- _Work instructions_: Leaving out only the pictures, write out all the entries exactly.

- _Material supplied_:
• • • •

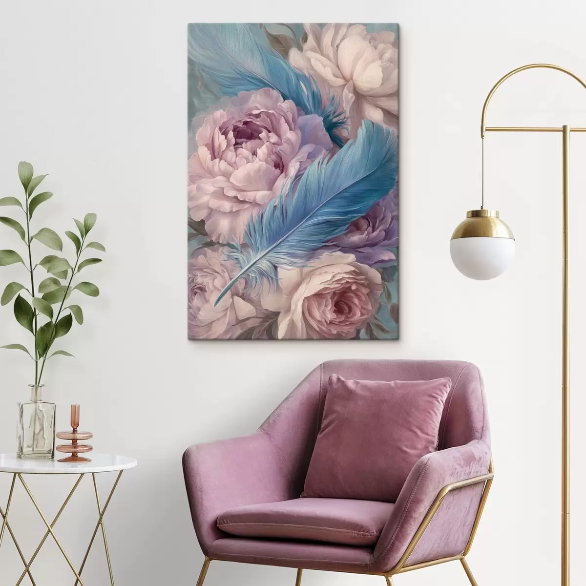 Wandbilder Federn zwischen Pfingstrosen Art. s47940
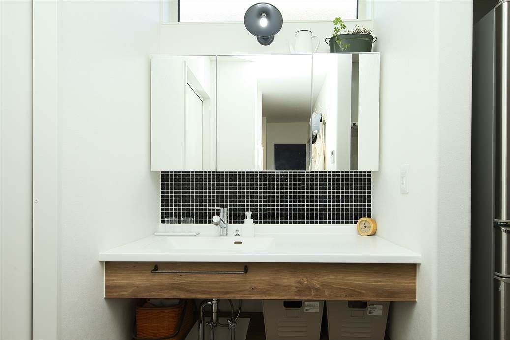 洗面ボウルの下もあえてトビラをつけずに、見せる収納に。
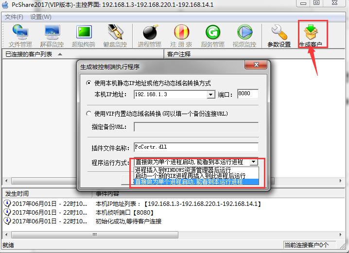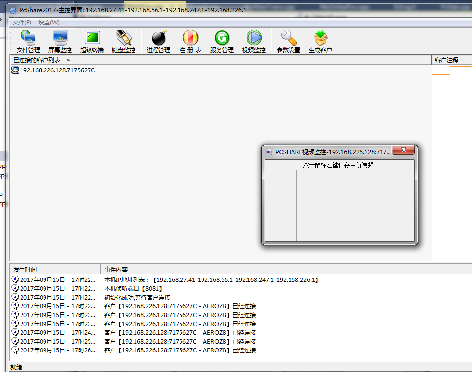 界面预览开始页: ![]() 监控和操作别人电脑: ![]() 查看和操作被控制电脑的进程: ![]() 查看被控制电脑服务程序: ![]() 如果别人电脑有摄像头,还可以打开监控摄像头: ![]() 操作介绍一、软件使用方法介绍:
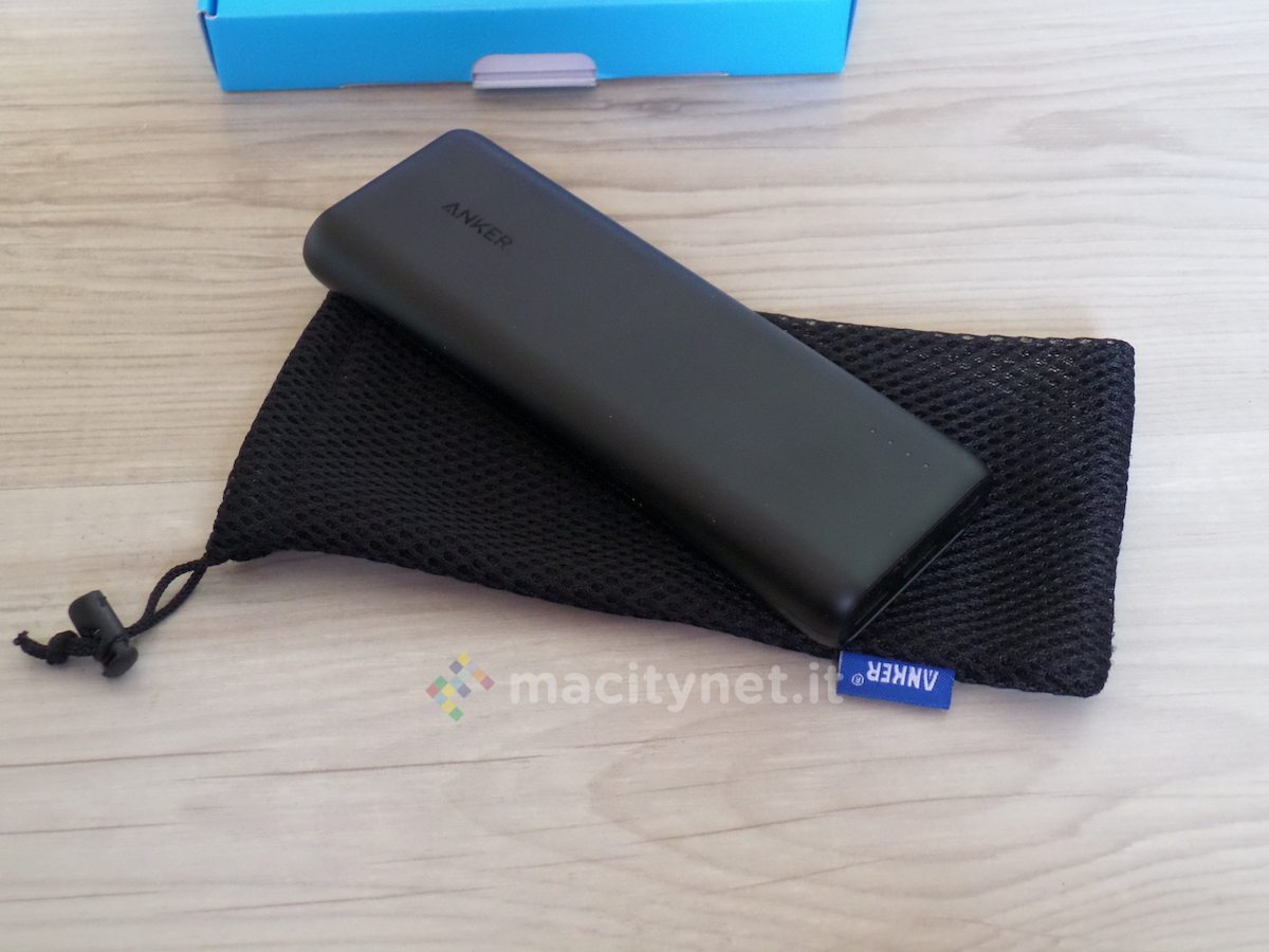 Anker PowerCore 20100 mAh è tra le batterie più capienti e, allo stesso tempo, più compatte sul mercato. Offre affidabilità e velocità nella ricarica, ma come tutte le power bank dello stesso tipo, impiega molto tempo a ricaricarsi. Assente il cavo Lightning nella confezione, ma viene offerto un pratico astuccio per traportare la batteria in totale sicurezza ed eleganza. Rapporto qualità prezzo elevato. Tutto questo messo insieme potrebbe fare di questa batteria, l’unica batteria di cui molti potrebbero avere bisogno.
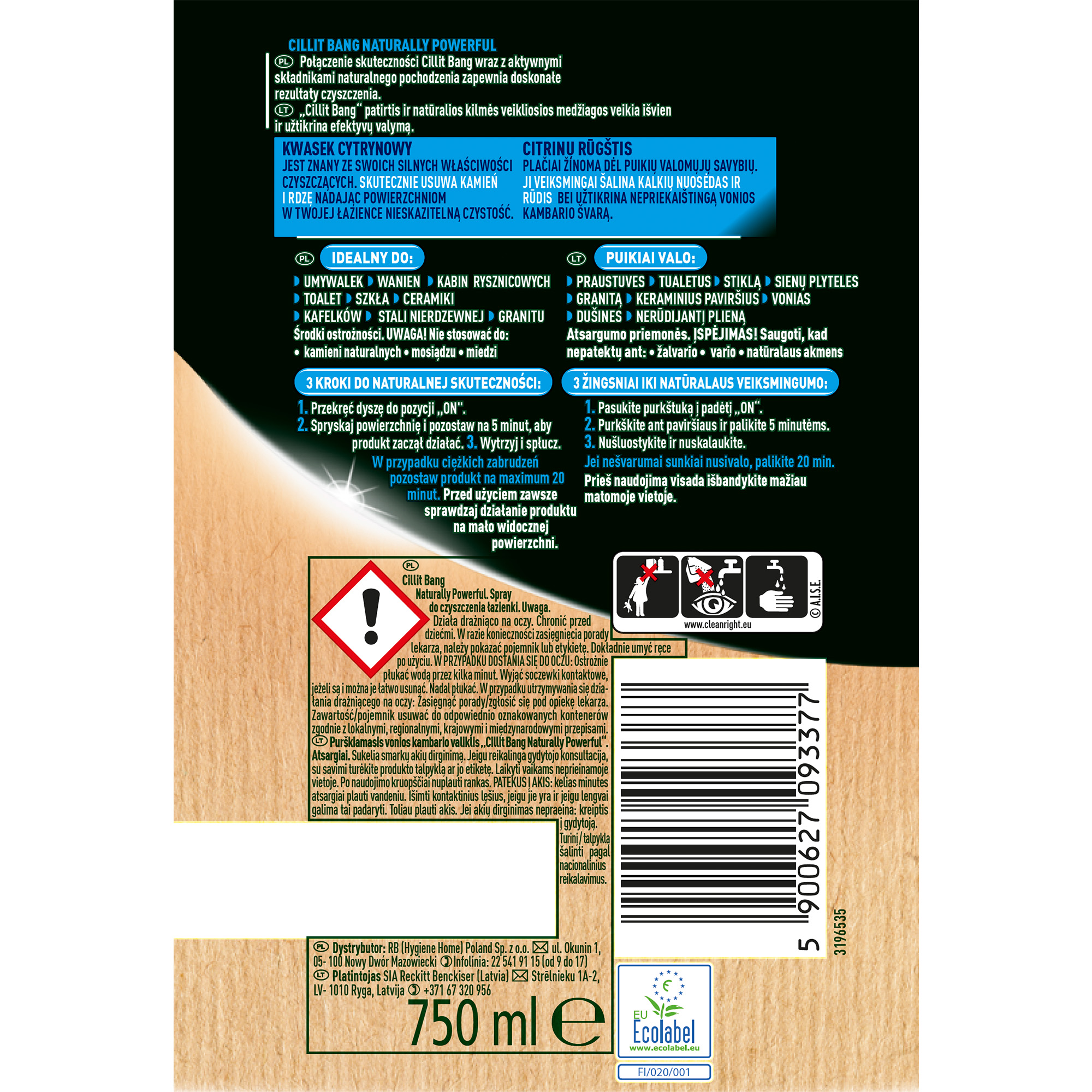 Cillit Bang Naturally Powerful Łazienka/Bathroom 750 ml – spray czyszczący do łazienki z kwaskiem cytrynowym. Nowy Cillit Bang Naturally Powerful do łazienki to połączenie sprawdzonej, silnej formuły z aktywnymi składnikami pochodzenia, które zapewniają doskonałe rezultaty czyszczenia. Jego zalety to przede wszystkim: • 100% SKUTECZNOŚCI W WALCE Z KAMIENIEM* • CERTYFIKAT EU ECOLABEL: FI/020/001 (European Flower) • KOMPOZYCJA ZAPACHOWA Z OLEJKAMI ETERYCZNYMI • SKUTECZNY SPRYSKIWACZ - W 100% RECYKLINGOWALNY • KWASEK CYTRYNOWY W NIM ZAWARTY *wg. testów na usuwanie kamienia.
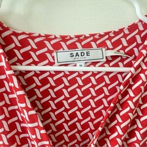 SADE NEW YORK Cap Sleeve V Neck Red and White Patterned Women's Dress Size 10
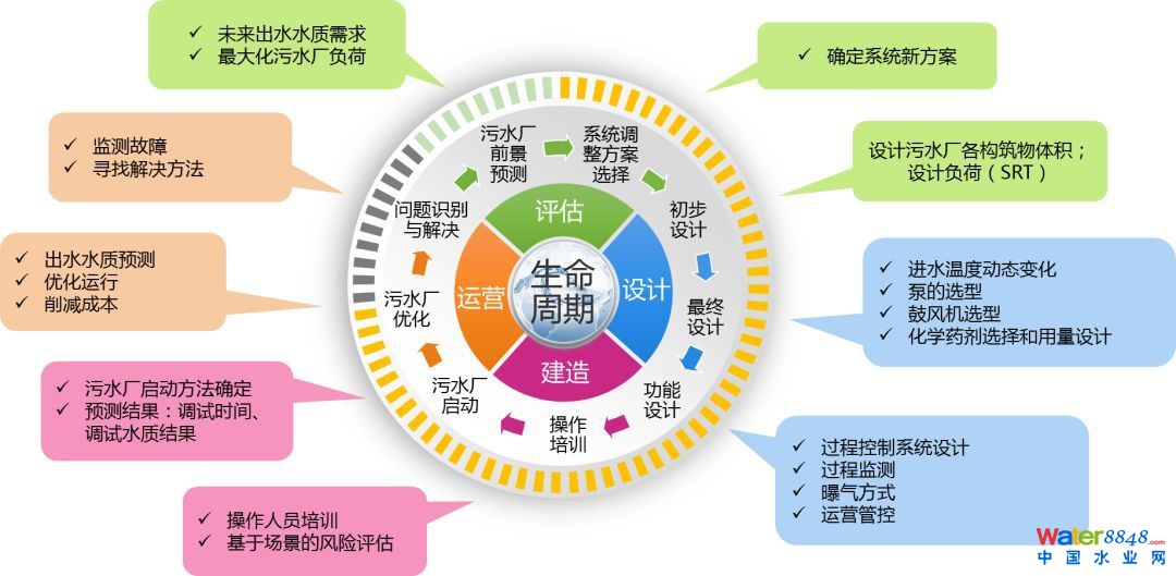 圖3 生物建模技術(shù)在污水處理生命周期過(guò)程中作用

• • • •

- _Written solution_:
 Wandbilder Federn zwischen Pfingstrosen Art. s47940
 洗面ボウルの下もあえてトビラをつけずに、見せる収納に。
 界面预览开始页: ![]() 监控和操作别人电脑: ![]() 查看和操作被控制电脑的进程: ![]() 查看被控制电脑服务程序: ![]() 如果别人电脑有摄像头,还可以打开监控摄像头: ![]() 操作介绍一、软件使用方法介绍:
 Anker PowerCore 20100 mAh è tra le batterie più capienti e, allo stesso tempo, più compatte sul mercato. Offre affidabilità e velocità nella ricarica, ma come tutte le power bank dello stesso tipo, impiega molto tempo a ricaricarsi. Assente il cavo Lightning nella confezione, ma viene offerto un pratico astuccio per traportare la batteria in totale sicurezza ed eleganza. Rapporto qualità prezzo elevato. Tutto questo messo insieme potrebbe fare di questa batteria, l’unica batteria di cui molti potrebbero avere bisogno.
 Cillit Bang Naturally Powerful Łazienka/Bathroom 750 ml – spray czyszczący do łazienki z kwaskiem cytrynowym. Nowy Cillit Bang Naturally Powerful do łazienki to połączenie sprawdzonej, silnej formuły z aktywnymi składnikami pochodzenia, które zapewniają doskonałe rezultaty czyszczenia. Jego zalety to przede wszystkim: • 100% SKUTECZNOŚCI W WALCE Z KAMIENIEM* • CERTYFIKAT EU ECOLABEL: FI/020/001 (European Flower) • KOMPOZYCJA ZAPACHOWA Z OLEJKAMI ETERYCZNYMI • SKUTECZNY SPRYSKIWACZ - W 100% RECYKLINGOWALNY • KWASEK CYTRYNOWY W NIM ZAWARTY *wg. testów na usuwanie kamienia.
 SADE NEW YORK Cap Sleeve V Neck Red and White Patterned Women's Dress Size 10
 圖3 生物建模技術(shù)在污水處理生命周期過(guò)程中作用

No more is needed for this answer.